В феврале в Брюссель отправлена вторая часть книги, в марте — третья. Теперь уже автор торопит издателя. Чем объясняется задержка в выходе первого тома?
Шарль зовет отца приехать в Брюссель. Там они могли бы собраться всей семьей и побыть вместе, пока издается книга. Но Гюго предпочитает работать на Гернсее. В Брюсселе у него не будет необходимого уединения и покоя. Лучше, если б вся его семья вернулась в Отвиль-хауз, сейчас с ним только младший сын. «Мой идеал уединенной жизни, — пишет Гюго жене, — это, когда вы все здесь». Шарль в своей комнате; Франсуа Виктор — в своей, и Огюст Вакери, и чета Мерисов, и чета Мишле, и Жорж Санд, и Дюма — словом, все родные и лучшие друзья.
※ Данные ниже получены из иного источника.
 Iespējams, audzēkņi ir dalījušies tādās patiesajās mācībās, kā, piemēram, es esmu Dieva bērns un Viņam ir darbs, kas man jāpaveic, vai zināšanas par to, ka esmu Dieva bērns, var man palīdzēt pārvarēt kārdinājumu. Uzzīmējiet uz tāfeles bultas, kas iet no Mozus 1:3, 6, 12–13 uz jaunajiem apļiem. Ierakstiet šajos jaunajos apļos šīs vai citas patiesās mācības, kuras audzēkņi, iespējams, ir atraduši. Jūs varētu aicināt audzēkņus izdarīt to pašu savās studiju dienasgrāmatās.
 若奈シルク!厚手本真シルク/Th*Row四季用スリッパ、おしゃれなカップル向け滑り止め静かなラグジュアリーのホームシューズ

Первый том «Отверженных» вышел в свет 3 апреля 1862 года. Успех превзошел все ожидания. В лавке Паньера, где продается книга, с утра очередь. Роман Гюго читают повсюду — в лачугах и во дворцах, на бульварах и в приемных министров.
Весь Париж говорит о Фантине и Жане Вальжане; читатели ждут продолжения. Что будет дальше с героями?
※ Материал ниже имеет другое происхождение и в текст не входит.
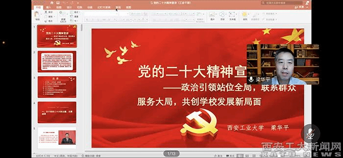 (本网讯)为深入贯彻学习党的二十大精神,营造浓厚学习氛围,提升工会干部履职能力。12月15日,校工会邀请党的二十大精神陕西省委马院院长宣讲团成员、我校马克思主义学院副院长梁华平,为全校工会干部进行了党的二十大精神专题培训。全校100余名工会干部参加。
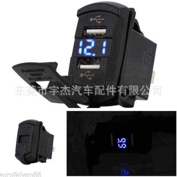 新款车载数显电压表开关充电器12-24V船型双USB充电器5V4.2A蓝灯
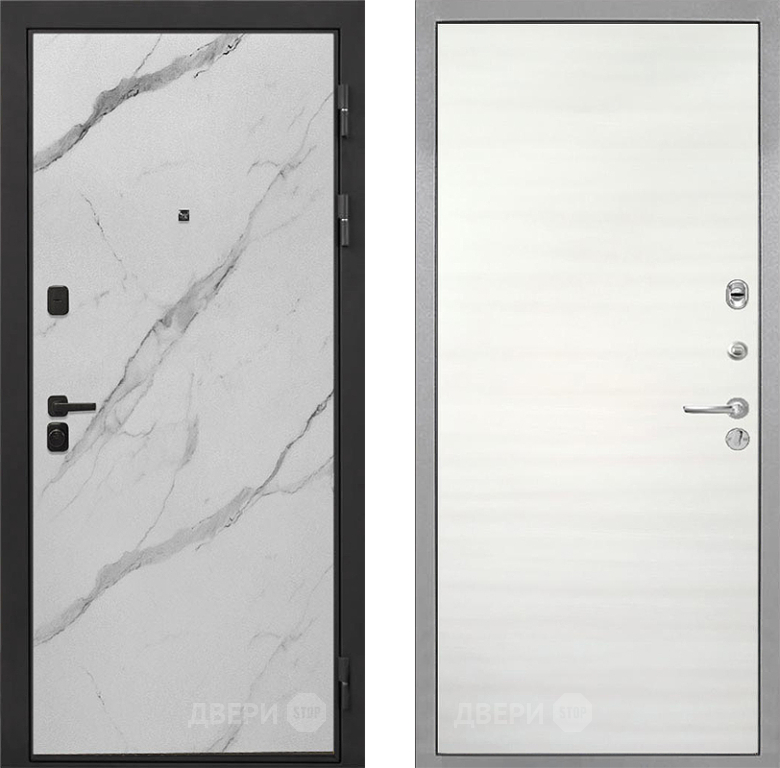Входная Дверь Интекрон (INTECRON) Профит Black Мрамор Арктик Гладкая Дуб сильвер поперечный 960x2050 мм
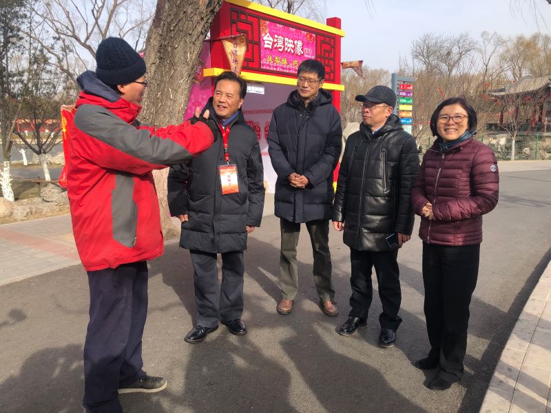 ?????? 東城區(qū)臺(tái)辦消息:2019年2月3日,區(qū)委常委統(tǒng)戰(zhàn)部長(zhǎng)湯欽飛、副區(qū)長(zhǎng)趙凌云到龍?zhí)稄R會(huì)“臺(tái)灣映像魅力展”展區(qū)視察展位布置情況,對(duì)攤位裝飾、地面設(shè)施、用水用電等問(wèn)題提出要求,確保廟會(huì)期間展商及游客的活動(dòng)安全。臺(tái)盟北京市委秘書(shū)長(zhǎng)陳偉一同視察。

Сразу же появляются отзывы в печати. Одна из первых ласточек — рецензия Бодлера в газете «Бульвар». Бодлер не совсем искренен. В печатном отзыве он восхищается романом, а при разговорах о книге Гюго в своем кругу пожимает плечами. Проповеднический тон, тяготение к колоссальности, республиканский пафос — все это чуждо автору «Цветов зла».
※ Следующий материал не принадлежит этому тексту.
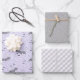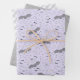 Estas hojas de papel de envolvimiento para niños de Halloween incluyen 3 hojas individuales con diseños hechos a mano por Nathalie Portet. La hoja 1 presenta bates bonitos, estrellas, lunas, telarañas y la frase "Spooky Cute" sobre un fondo púrpura pastel. La hoja 2 muestra un patrón de estrellas y lunas simples en gris claro. La hoja 3 completa el conjunto con un diseño de gingham púrpura y gris. Perfecto para duchas de bebé, cumpleaños de octubre o regalos de Halloween.
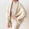 - Sample sweater yarn: Rowan Pure Wool worsted (100% wool, 220yds/200m, 100g/3.5oz) in color Cream Rowan Kidsilk Haze (70% mohair, 30% silk, 230yds/210m, 25g/0.9oz) in color White, 6 skeins
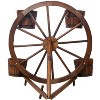 Bring rustic elegance to your space with this unique wagon wheel planter featuring four metal-ringed wooden barrels. The authentic farmhouse design creates a stunning display for flowers, succulents, or trailing vines, perfect as a focal point on porches, in sunrooms, or as part of your garden landscape.
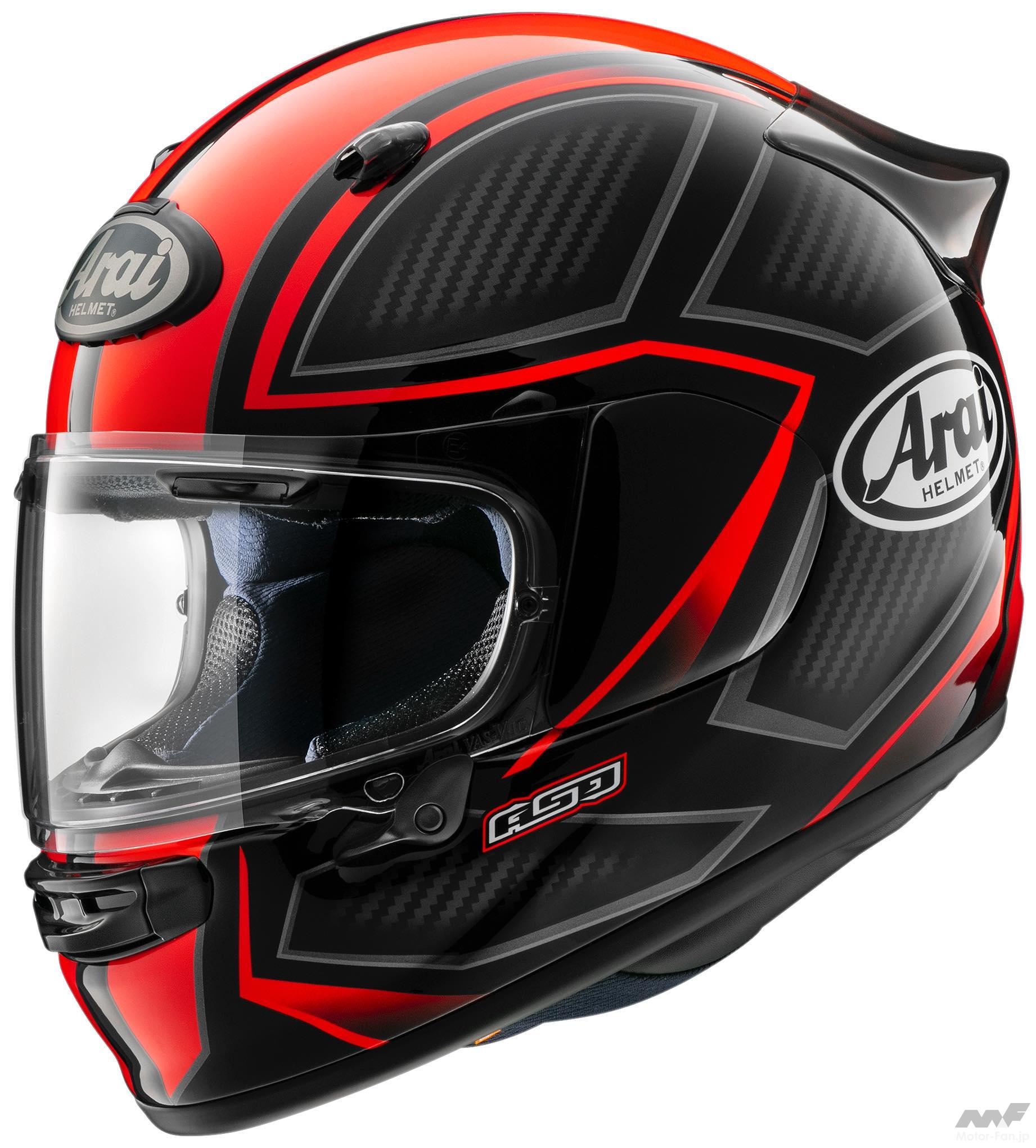 帽体はアライ独自の滑らかなフォルムと、強靭な帽体「PB-cLc2」を採用。より衝撃をかわす性能を高めるため、実績あるスネル規格のテストラインを目安にシールド取付け部分を24mm下げて、ヘルメット側頭部をより滑らかなフォルムとしている。

Гюго снова чувствует себя в центре схватки. Замысел его романа представляется некоторым даже либеральным критикам опасным посягательством на твердыни общества. «Г-н Гюго написал не социалистический трактат, но он сделал вещь, которая — нам уже известно это по опыту — гораздо опаснее, — предостерегает читателей „Журналь де Деба“, критик Кювилье-Флери. — Эта книга, весьма знаменательная по своей тенденции, — не только творение писателя, но и деяние человека, я бы сказал, деяние партии; это подлинная демонстрация 1848 года». Критик считает автора «Отверженных» «первым демагогом Франции». Гюго не удивлен. Он ожидал такого рода оценок. В реакционной прессе Франции и других стран против «Отверженных» ополчаются еще более яростно. Особенно негодуют клерикальные газеты и журналы. Мадридская газета церковников утверждает, например, что писателя Виктора Гюго вообще не существует, а подлинный автор «Отверженных» — это сам сатана.
Выкрики реакционеров убеждают автора в том, что книга его бьет в цель. Об этой большой цели он написал Ламартину. Ламартин спрашивал, разрешит ли «дорогой Виктор» своему старому другу высказаться откровенно об «Отверженных»? Книга, конечно, прекрасна, но во взглядах на нее могут существовать и некоторые противоречия, и Ламартину она кажется излишне радикальной. Но, конечно, он не станет выступать со своим мнением, если Гюго это будет неприятно. Гюго тотчас же ответил.
«Мой прославленный друг!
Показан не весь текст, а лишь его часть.